- _TASK OBJECTIVE_:
Exactly and only the lines from the first entry through the line with "could you please" should be copied, both ends included, with no pictures.
[[ ENTRIES SHOWN open ]]
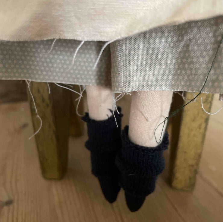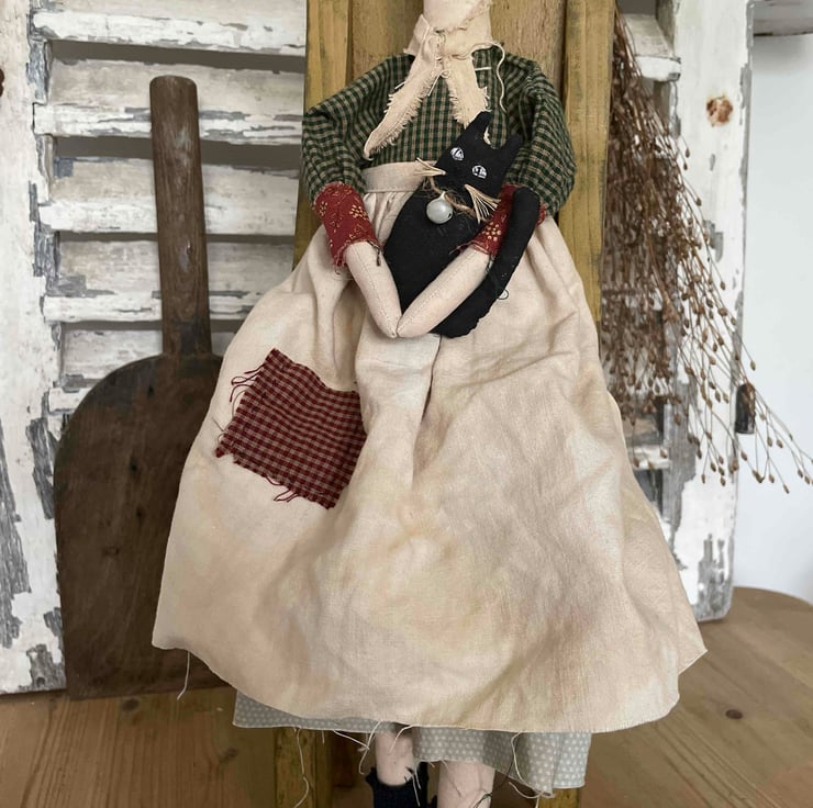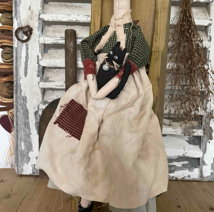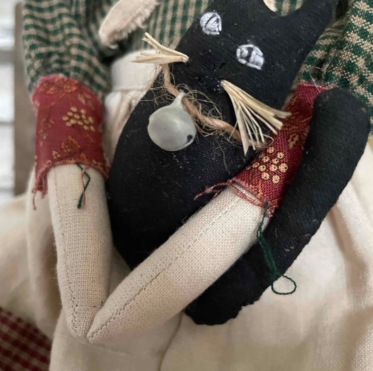 A charming Raggedy Mary rag doll handmade from recycled, repurposed and homespun fabrics…she wears a green homespun check dress, an apron, bloomers and leg warmers and carries her cat. She measures 46cm (18”) tall
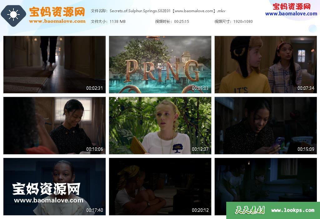 天天资源网收录的电视剧《硫磺泉镇的秘密 Secrets of Sulphur Springs》第二季,全部8集,英语发音,内置英文字幕(可以下载后使用播放器选择设置字幕或者关闭切换字幕);资源总大小约8.32G,单集播放时长约25分钟,1080P高清MKV视频格式,可以在电视机或电脑、平板、IPAD、早教机、手机等各种智能设备播放,提供百度云网盘下载。
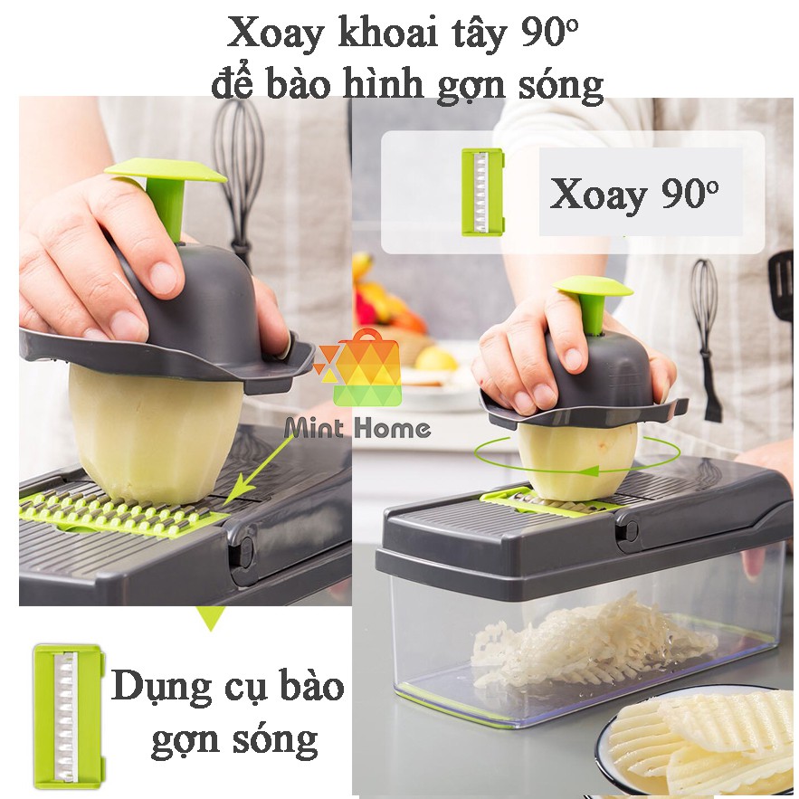 Nhà cửa & Đời sống > Dụng cụ nhà bếp > Bàn nạo, dụng cụ bào, cắt || Bộ dụng cụ hộp đồ có nắp tích hợp dao cắt thái gọt nạo bào sợi rau củ quả kiểu hạt lựu đa năng tiện lợiCòn hàng
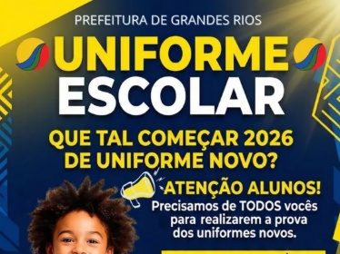 Prefeitura de Grandes Rios convoca alunos para prova dos novos uniformes escolares de 2026
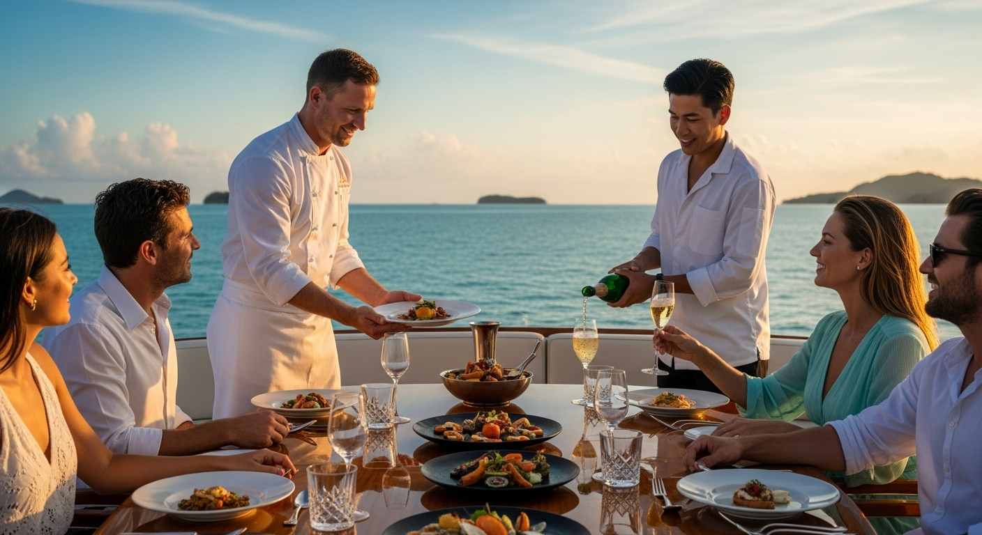 Savor exceptional cuisine wherever your travels take you, whether aboard private yachts or at exotic destinations. Our team ensures a flawless, personalized dining experience, combining creativity, precision, and meticulous attention to every detail for unforgettable moments.
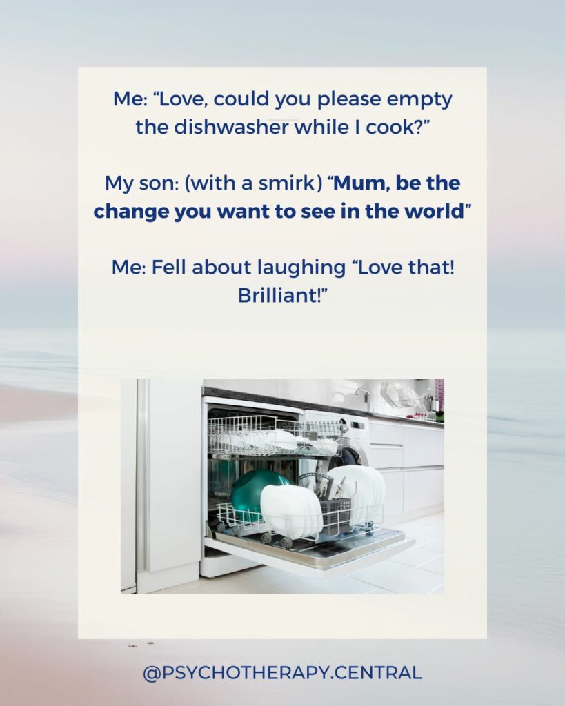 Be the change you want to see Me: “Love, could you please empty the dishwasher while I cook?” My son: (with a smirk) “Mum, be the change you want to see in the world” Me: Fell about laughing “Love that! Brilliant!”
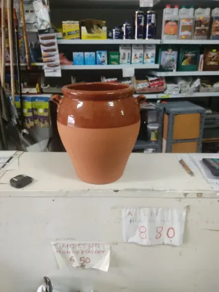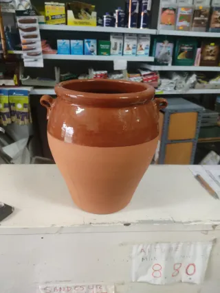 Tinaja de barro tradicional, ideal para decoración o uso alimenticios - Material: Barro cocido. - Color: Terracota con acabado esmaltado en la parte superior. - Diseño: Con dos asas laterales.altura 32 cm
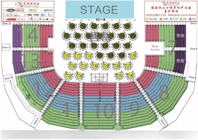 ACIC Melbourne作为德云社二十周年相声大会墨尔本站唯一指定留学移民机构,可进行演出售票业务。具体价格请参照上方图示中的座位图价位表查看。
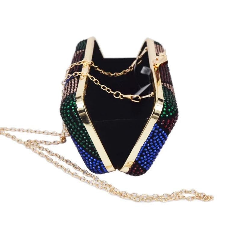 Elevate your evening ensemble with this sparkling multicoloured rhinestone clutch handbag. Crafted with meticulous attention to detail, this dazzling purse features a captivating geometric pattern adorned with shimmering crystals in vibrant hues of blue, green, red, and gold. The eye-catching design is sure to make a statement, whether you’re attending a glamorous soiree or a festive celebration. Complemented by a sleek golden chain strap, this clutch effortlessly transitions from a chic handheld accessory to an elegant shoulder bag. Exuding sophistication and elegance, this rhinestone clutch is the perfect companion to complete your stylish look. Embrace the allure of this exquisite piece and let it be the radiant centerpiece of your evening attire.
[[ ENTRIES SHOWN closed ]]
- _SOLUTION BELOW_:
 A charming Raggedy Mary rag doll handmade from recycled, repurposed and homespun fabrics…she wears a green homespun check dress, an apron, bloomers and leg warmers and carries her cat. She measures 46cm (18”) tall
 天天资源网收录的电视剧《硫磺泉镇的秘密 Secrets of Sulphur Springs》第二季,全部8集,英语发音,内置英文字幕(可以下载后使用播放器选择设置字幕或者关闭切换字幕);资源总大小约8.32G,单集播放时长约25分钟,1080P高清MKV视频格式,可以在电视机或电脑、平板、IPAD、早教机、手机等各种智能设备播放,提供百度云网盘下载。
 Nhà cửa & Đời sống > Dụng cụ nhà bếp > Bàn nạo, dụng cụ bào, cắt || Bộ dụng cụ hộp đồ có nắp tích hợp dao cắt thái gọt nạo bào sợi rau củ quả kiểu hạt lựu đa năng tiện lợiCòn hàng
 Prefeitura de Grandes Rios convoca alunos para prova dos novos uniformes escolares de 2026
 Savor exceptional cuisine wherever your travels take you, whether aboard private yachts or at exotic destinations. Our team ensures a flawless, personalized dining experience, combining creativity, precision, and meticulous attention to every detail for unforgettable moments.
 Be the change you want to see Me: “Love, could you please empty the dishwasher while I cook?” My son: (with a smirk) “Mum, be the change you want to see in the world” Me: Fell about laughing “Love that! Brilliant!”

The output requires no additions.